Federal bill would ease taxes on Maine car dealerships facing supply chain issues

Car dealership Photo / Renee Cordes A congressional bill cosponsored by U.S. Sen. Angus King, I-Maine, would ease the effects of supply chain challenges on car dealerships facing higher costs and limited inventory. Shown here is Yankee Ford in South Portland.

A congressional bill cosponsored by U.S. Sen. Angus King, I-Maine, aims to ease the effects of supply chain challenges on car dealerships facing higher costs and limited inventory. 

The Supply Chain Disruptions Relief Act would adjust taxes for dealerships that cannot maintain a minimum level of inventory, so that businesses don’t pay the price for supply chain shortages beyond their control.

"Rising costs for car dealerships have contributed to high inflation, which is squeezing household budgets across Maine and the nation," King said. "Let’s pass this bill quickly, so we can ensure our local businesses aren’t subjected to unnecessary tax burdens that get passed on to consumers.”

Industry representatives welcomed the initiative.

“From necessary production parts being unavailable to transportation systems that are jammed up, supply chain issues are making it difficult for Maine’s franchise auto dealers to get and maintain inventory,” said John Emerson, head of the Augusta-based Maine Auto Dealers Association.

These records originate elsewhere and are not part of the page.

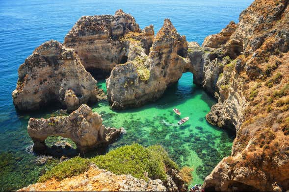 We will also pass the idyllic surrounding beaches, including Praia D. Ana and Praia do Camilo, two of the region's best. Along the journey, we will drop anchor so that you can take a refreshing dip in the emerald waters of a protected bay.
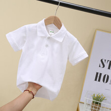 婴儿童纯白小衫白色短袖T恤色男童夏装女童打底衫翻领短袖班服校服 灰色 888-4短袖 100cm(吊牌6号)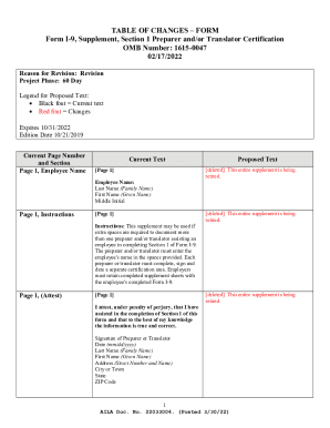 Fillable Online TABLE OF CHANGESFORM Form I 9 Supplement Section 1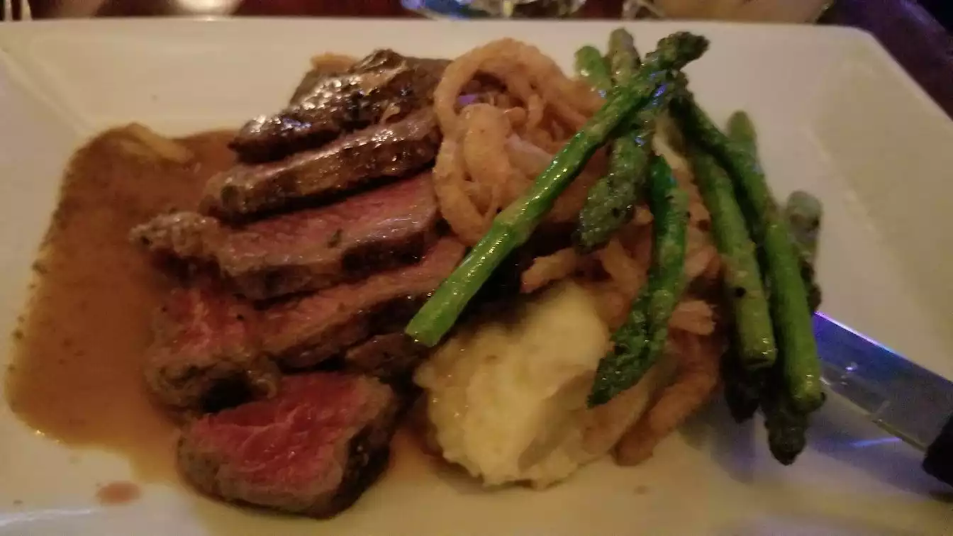 Looked for a good meal around the area. Menu seemed like a good variety at a good price. Happy hour until 8 pm. Half priced drinks. $1 oysters. House made cocktail sauce was great! Great cocktail menu and I'm a cocktail snob. NY strip was cooked perfectly. Wife's pork sliders tasted great. Highly recommend. Can't beat the happy hour deal. Service was attentive and friendly.

He also noted that more than half of Maine's car dealers, including many smaller family-run operations, are currently on a so-called "last in first out" system, where a drastic drop in inventory results in a taxable phantom profit.

"Dealers are asking for three years of relief to let inventories rebuild — this is not a forever forgiveness, but this would give dealers some time to recover," Emerson said.

Adam Lee, chairman of Lee Auto Malls with 17 dealerships from Bangor to Saco, had a similar observation.

"This sort of adjustment could be extremely helpful since the current, very unusual situation with drastically reduced inventory could cause huge tax bills," he told Mainebiz.

Automobile supply chains worldwide have been significantly disrupted during the pandemic. 

The Supply Chain Disruptions Relief Act would provide a statutory determination that the requirements for a qualified liquidation under Section 473 of the U.S. Code have been satisfied for new motor vehicle dealers that have had a reduction of new vehicles held in the Last In First Out inventory system.